▶ [What is required]:
Look through the data below for the line with "5月22號(hào)(捐獻(xiàn)造" and the line with "Colorful Butterfly and Flowers Button Badge", then output those two and all lines in between, exactly as written.

▶ [Source data]:
- Opening Delimiter -

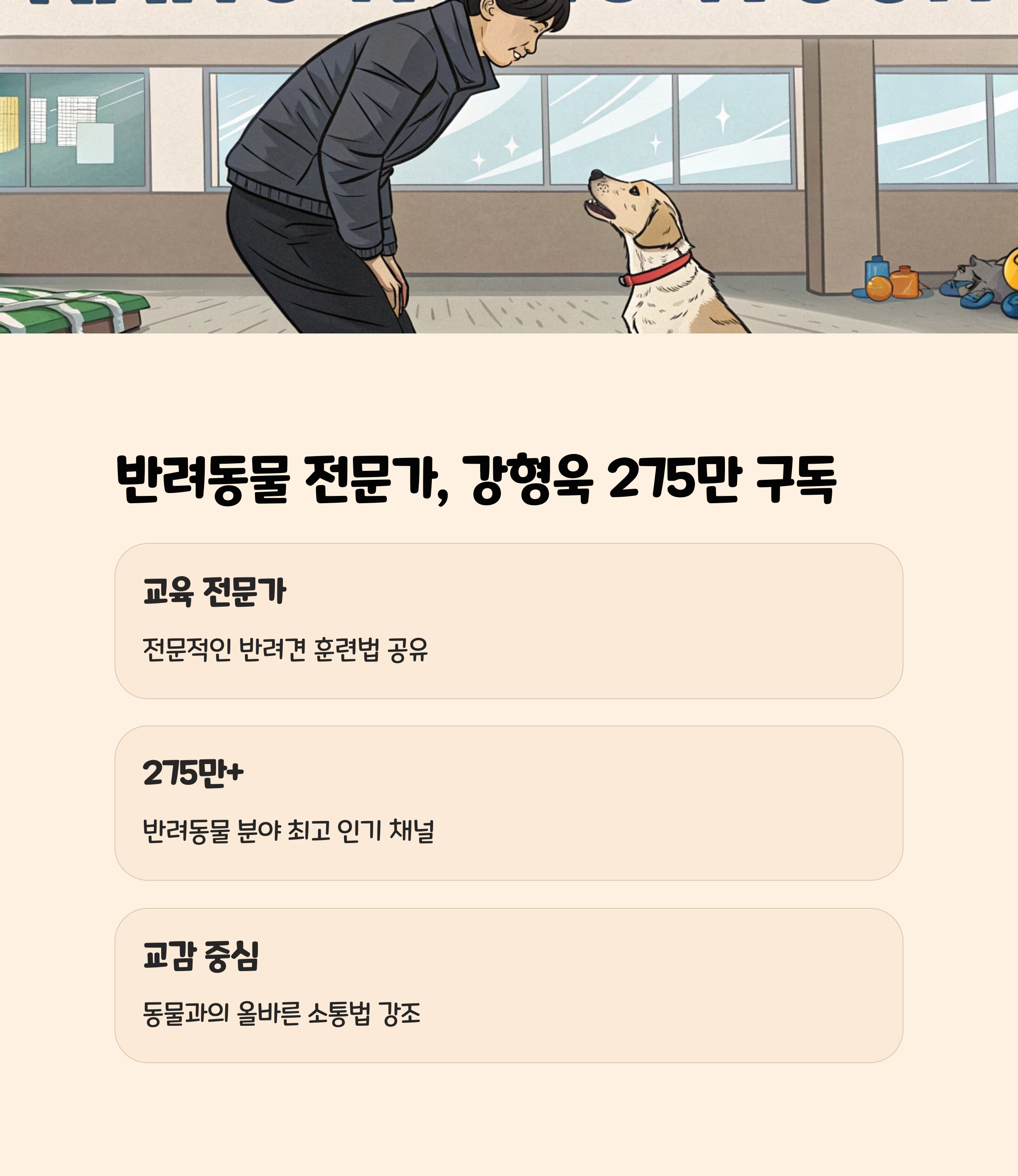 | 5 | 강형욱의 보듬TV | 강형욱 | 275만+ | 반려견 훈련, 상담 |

- Closing Delimiter -
- Opening Delimiter -

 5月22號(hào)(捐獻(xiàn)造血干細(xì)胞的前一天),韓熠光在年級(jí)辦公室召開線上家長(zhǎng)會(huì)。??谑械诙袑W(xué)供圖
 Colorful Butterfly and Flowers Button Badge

- Closing Delimiter -

▶ [Final answer]:
 5月22號(hào)(捐獻(xiàn)造血干細(xì)胞的前一天),韓熠光在年級(jí)辦公室召開線上家長(zhǎng)會(huì)。??谑械诙袑W(xué)供圖
 Colorful Butterfly and Flowers Button Badge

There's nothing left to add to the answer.